# EXERCISE OBJECTIVE
Exactly the lines below, starting with the one containing "鎮沅縣恩樂鎮少數民族紀委干部" and going on through the one containing "Chạy Khỏi Thế", must be reproduced, both ends included, and no pictures with them.

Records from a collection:
====

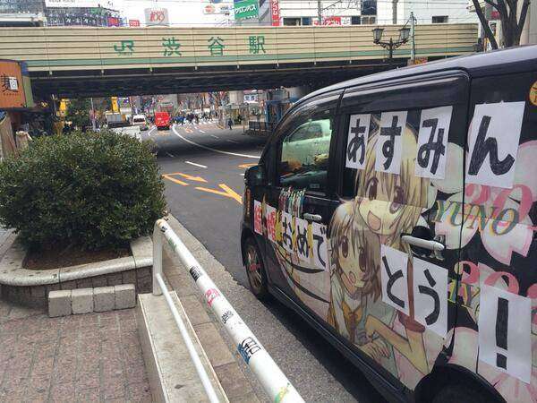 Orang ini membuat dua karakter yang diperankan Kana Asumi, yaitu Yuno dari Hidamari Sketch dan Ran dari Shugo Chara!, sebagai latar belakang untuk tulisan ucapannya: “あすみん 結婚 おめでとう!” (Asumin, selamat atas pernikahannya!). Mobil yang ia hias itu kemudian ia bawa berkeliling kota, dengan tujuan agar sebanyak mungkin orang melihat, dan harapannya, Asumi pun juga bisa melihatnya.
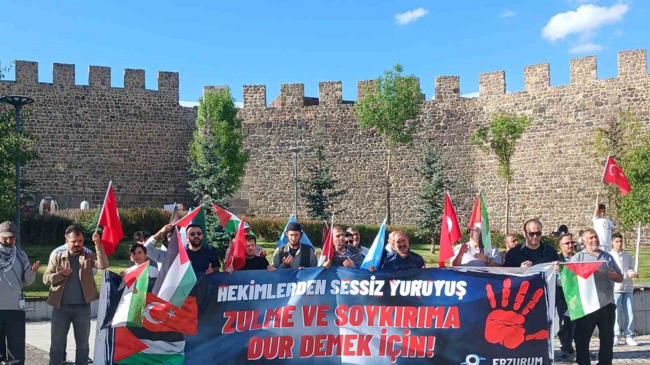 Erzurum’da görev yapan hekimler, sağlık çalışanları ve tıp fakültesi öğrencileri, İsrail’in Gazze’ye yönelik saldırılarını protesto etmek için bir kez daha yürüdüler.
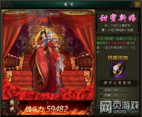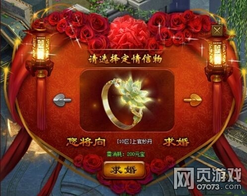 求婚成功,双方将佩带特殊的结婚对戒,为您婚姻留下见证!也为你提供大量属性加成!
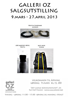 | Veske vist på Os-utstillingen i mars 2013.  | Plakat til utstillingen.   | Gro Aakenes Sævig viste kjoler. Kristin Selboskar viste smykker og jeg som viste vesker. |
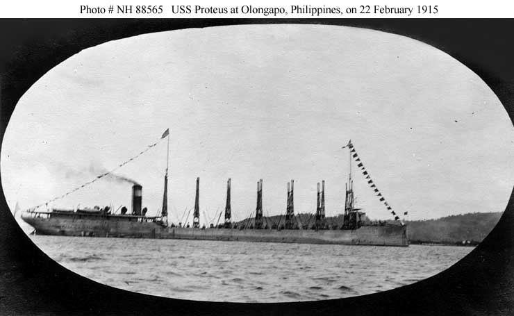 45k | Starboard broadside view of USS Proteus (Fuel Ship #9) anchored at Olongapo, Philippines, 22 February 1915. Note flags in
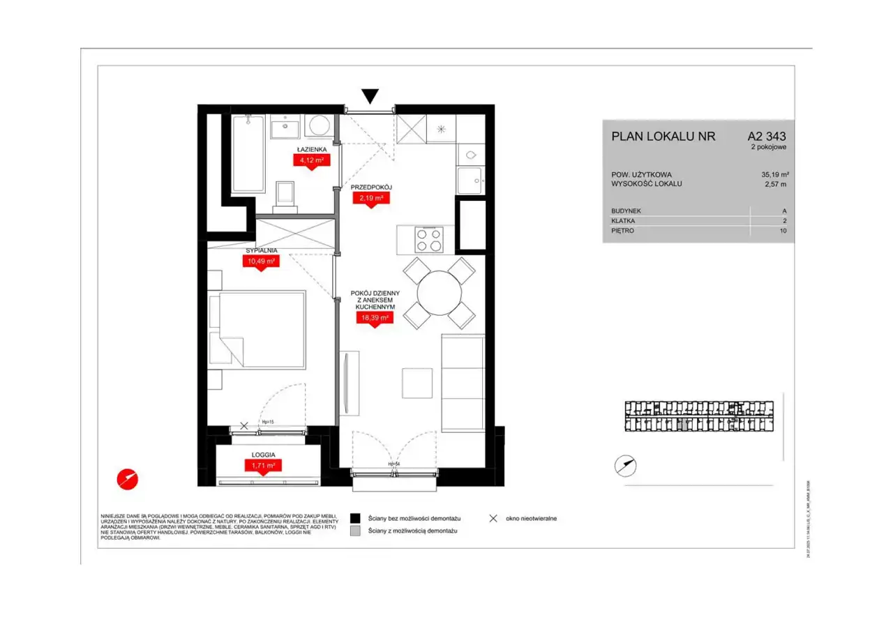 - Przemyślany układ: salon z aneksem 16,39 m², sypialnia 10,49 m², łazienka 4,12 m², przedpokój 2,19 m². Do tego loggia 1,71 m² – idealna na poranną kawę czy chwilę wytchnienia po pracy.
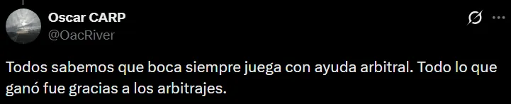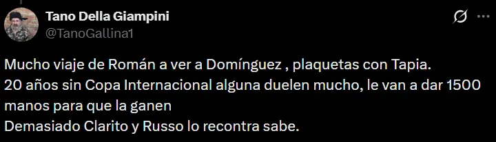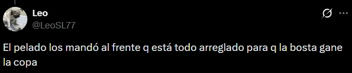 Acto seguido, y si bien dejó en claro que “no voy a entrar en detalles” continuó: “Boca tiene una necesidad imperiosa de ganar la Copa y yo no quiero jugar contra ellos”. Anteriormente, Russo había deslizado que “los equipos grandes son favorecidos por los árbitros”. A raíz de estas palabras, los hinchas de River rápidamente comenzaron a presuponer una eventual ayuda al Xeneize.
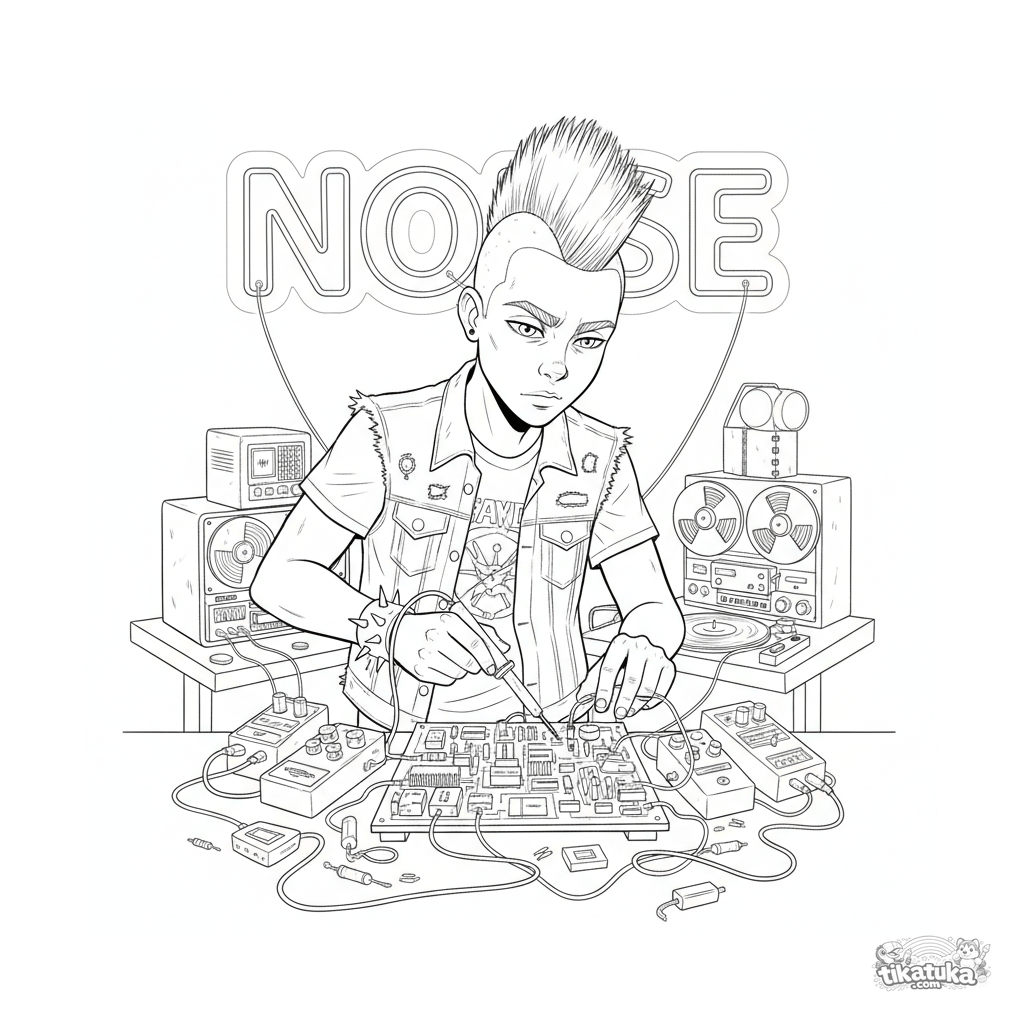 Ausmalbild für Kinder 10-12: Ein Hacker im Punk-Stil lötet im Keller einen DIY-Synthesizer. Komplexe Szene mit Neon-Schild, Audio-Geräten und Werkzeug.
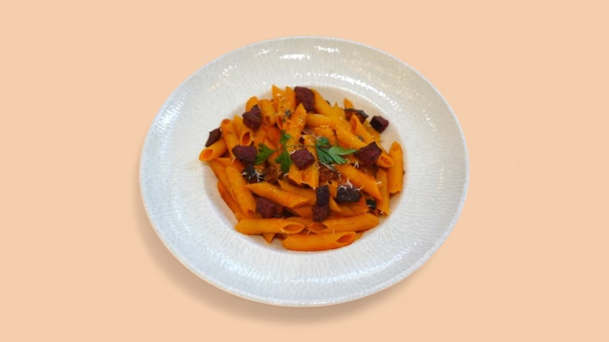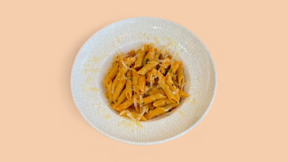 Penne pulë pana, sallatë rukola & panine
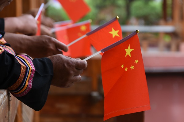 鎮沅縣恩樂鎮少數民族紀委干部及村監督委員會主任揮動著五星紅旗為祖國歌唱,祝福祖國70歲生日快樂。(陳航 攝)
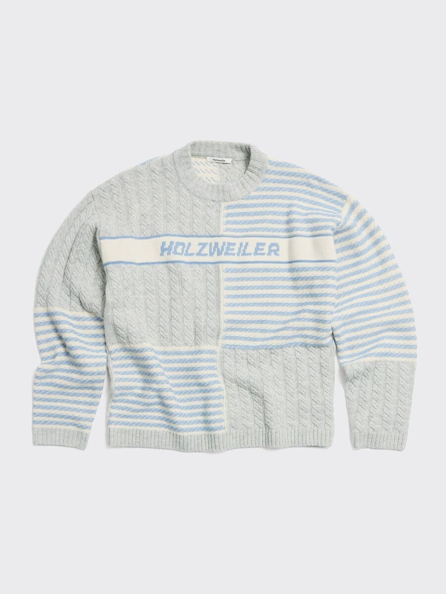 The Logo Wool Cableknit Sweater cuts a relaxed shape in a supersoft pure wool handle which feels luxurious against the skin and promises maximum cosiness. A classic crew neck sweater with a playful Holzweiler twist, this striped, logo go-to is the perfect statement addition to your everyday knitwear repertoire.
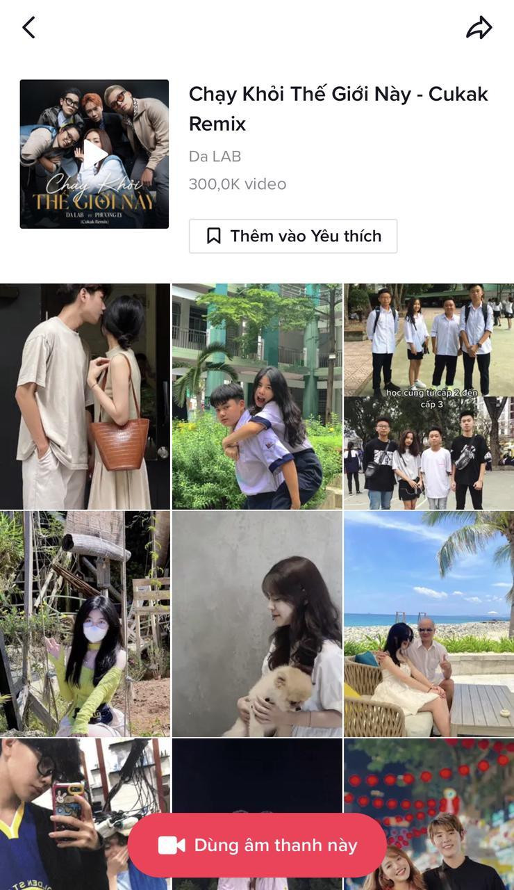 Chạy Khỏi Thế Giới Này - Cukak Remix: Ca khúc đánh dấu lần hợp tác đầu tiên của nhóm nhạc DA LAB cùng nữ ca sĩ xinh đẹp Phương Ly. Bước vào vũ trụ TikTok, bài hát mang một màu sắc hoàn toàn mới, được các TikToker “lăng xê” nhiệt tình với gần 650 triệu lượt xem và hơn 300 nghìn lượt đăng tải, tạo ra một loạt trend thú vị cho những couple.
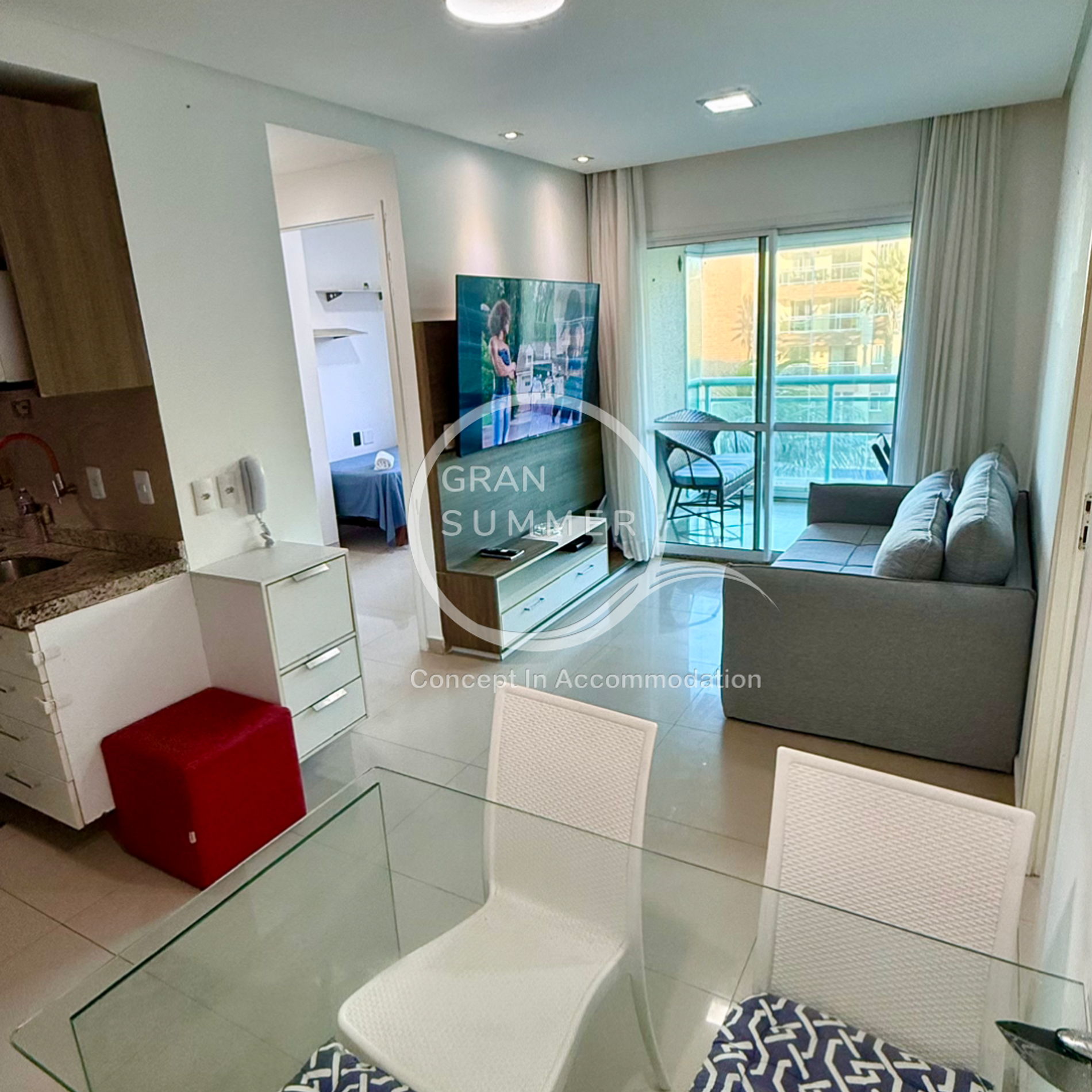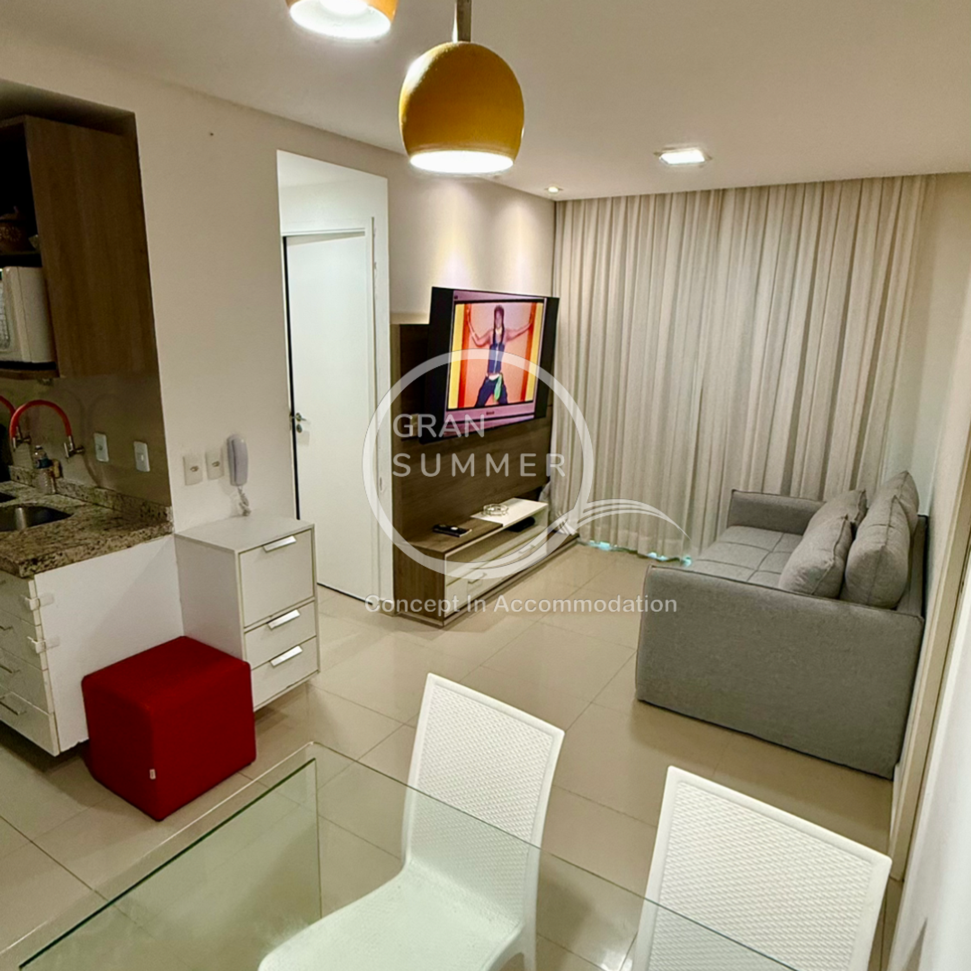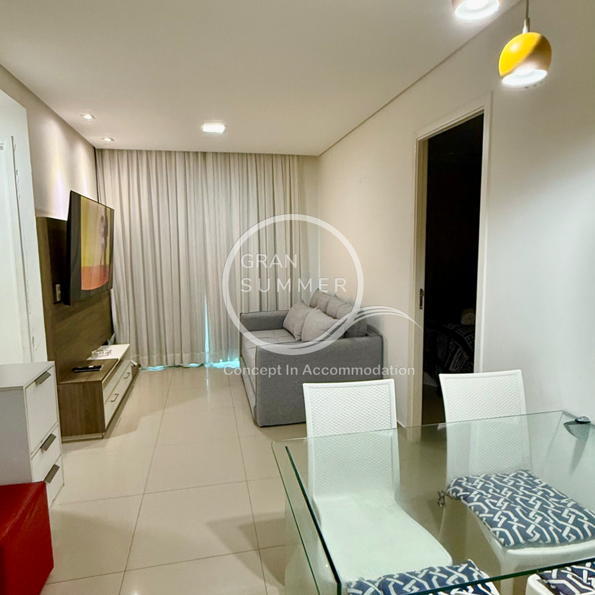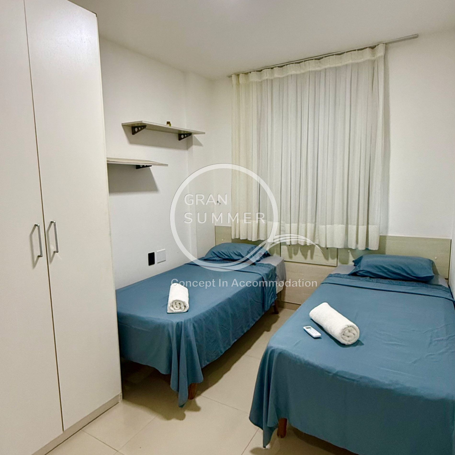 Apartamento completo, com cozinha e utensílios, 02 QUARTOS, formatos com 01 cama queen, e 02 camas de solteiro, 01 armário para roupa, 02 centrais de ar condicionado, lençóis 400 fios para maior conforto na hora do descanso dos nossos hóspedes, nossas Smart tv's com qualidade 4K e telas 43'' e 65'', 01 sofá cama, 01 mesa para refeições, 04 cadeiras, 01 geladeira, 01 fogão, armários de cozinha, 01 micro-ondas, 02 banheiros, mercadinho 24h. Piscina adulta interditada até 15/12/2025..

====

# ANSWER BOX
 鎮沅縣恩樂鎮少數民族紀委干部及村監督委員會主任揮動著五星紅旗為祖國歌唱,祝福祖國70歲生日快樂。(陳航 攝)
 The Logo Wool Cableknit Sweater cuts a relaxed shape in a supersoft pure wool handle which feels luxurious against the skin and promises maximum cosiness. A classic crew neck sweater with a playful Holzweiler twist, this striped, logo go-to is the perfect statement addition to your everyday knitwear repertoire.
 Chạy Khỏi Thế Giới Này - Cukak Remix: Ca khúc đánh dấu lần hợp tác đầu tiên của nhóm nhạc DA LAB cùng nữ ca sĩ xinh đẹp Phương Ly. Bước vào vũ trụ TikTok, bài hát mang một màu sắc hoàn toàn mới, được các TikToker “lăng xê” nhiệt tình với gần 650 triệu lượt xem và hơn 300 nghìn lượt đăng tải, tạo ra một loạt trend thú vị cho những couple.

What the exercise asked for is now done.